In Hayes v. Norwich Roman Catholic Diocesan Corp., Superior Court, judicial district of Middlesex, Docket No. CV-02-0100267, 2004 WL 616194 (March 5, 2004, Silbert, J.) (36 Conn. L. Rptr. 676), the court stated: "The claim of negligent hiring, retention and supervision is brought only after an employee, in this case a priest, has harmed a third party. This involves a factual inquiry and requires no interpretation or weighing of a religious belief but is merely the application of a secular standard, regardless of what aspect of tortious misconduct is before the court." See Nutt v. Norwich Roman Catholic Diocese, supra, 921 F. Supp. at 74 ("[t]he common law doctrine of negligence does not intrude upon the free exercise of religion"). Hayes and the other cases cited *360 by the plaintiff, all involving allegations of sexual abuse of minors by clergy members, are distinguishable from the present case in that they all involve intentional tortious conduct. There, neutral principles of secular law are clearly applicable as such acts have no connection to religious doctrine and practice.

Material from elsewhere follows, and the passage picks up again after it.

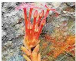
Una planta endémica de la Península, Pistorinia hispanica.

GRANADA. Grupos de cormoranes descansan sobre las ramas de los grandes álamos que crecen apiñados en las riberas del río Alhama. Tienen el plumaje salpicado de trazas blancas y anaranjadas que indican la proximidad a

By contrast, the plaintiff alleges that the defendants were negligent in failing to ensure adequate safety precautions for voluntary participants in a religious healing ritual. Here, it would be impossible for the court to apply neutral principles of secular law to evaluate the plaintiff's claims because of the religious context in which the incident occurred. The court cannot evaluate this issue without impermissibly inquiring into religious matters. Accordingly, since the plaintiff's claims are inextricably intertwined with the religious context in which the incident occurred, the court cannot apply neutral principles of secular law to this case.

C

The defendants claim that there are no substantial State interests that outweigh the First Amendment protections provided to defendants conducting a religious healing ritual. The plaintiff maintains that she need not show a substantial State interest because adjudication of her claims would not involve impermissible entanglement with ecclesiastical issues.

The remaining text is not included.